YOUR OBJECTIVE: Transcribe exactly the line in which "그럼에도 불구하고, 스톡사진을" occurs, plus every line that comes after it up to the end of the entries.

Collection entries
###

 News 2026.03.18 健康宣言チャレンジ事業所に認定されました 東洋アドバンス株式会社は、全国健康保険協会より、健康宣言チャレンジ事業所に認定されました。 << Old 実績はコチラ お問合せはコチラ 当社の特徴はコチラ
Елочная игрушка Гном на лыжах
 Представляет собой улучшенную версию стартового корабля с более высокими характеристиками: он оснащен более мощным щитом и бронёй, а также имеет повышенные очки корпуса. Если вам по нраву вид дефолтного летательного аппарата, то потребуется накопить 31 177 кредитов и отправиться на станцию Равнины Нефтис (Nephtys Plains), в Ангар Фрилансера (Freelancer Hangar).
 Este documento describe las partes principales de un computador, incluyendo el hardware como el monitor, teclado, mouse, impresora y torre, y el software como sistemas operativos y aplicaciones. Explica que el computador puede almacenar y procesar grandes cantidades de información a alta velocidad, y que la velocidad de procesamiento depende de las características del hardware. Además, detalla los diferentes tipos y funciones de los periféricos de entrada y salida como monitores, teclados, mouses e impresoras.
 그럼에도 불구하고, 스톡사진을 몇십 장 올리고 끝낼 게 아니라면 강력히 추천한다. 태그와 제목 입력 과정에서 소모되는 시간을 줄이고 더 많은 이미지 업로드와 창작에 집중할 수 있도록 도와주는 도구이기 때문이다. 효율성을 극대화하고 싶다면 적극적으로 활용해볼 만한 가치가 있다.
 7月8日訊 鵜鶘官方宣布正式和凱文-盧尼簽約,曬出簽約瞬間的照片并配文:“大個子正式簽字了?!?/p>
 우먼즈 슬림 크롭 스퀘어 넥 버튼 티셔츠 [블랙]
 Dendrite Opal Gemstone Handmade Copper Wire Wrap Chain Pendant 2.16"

###

PROBLEM SOLUTION:
 그럼에도 불구하고, 스톡사진을 몇십 장 올리고 끝낼 게 아니라면 강력히 추천한다. 태그와 제목 입력 과정에서 소모되는 시간을 줄이고 더 많은 이미지 업로드와 창작에 집중할 수 있도록 도와주는 도구이기 때문이다. 효율성을 극대화하고 싶다면 적극적으로 활용해볼 만한 가치가 있다.
 7月8日訊 鵜鶘官方宣布正式和凱文-盧尼簽約,曬出簽約瞬間的照片并配文:“大個子正式簽字了?!?/p>
 우먼즈 슬림 크롭 스퀘어 넥 버튼 티셔츠 [블랙]
 Dendrite Opal Gemstone Handmade Copper Wire Wrap Chain Pendant 2.16"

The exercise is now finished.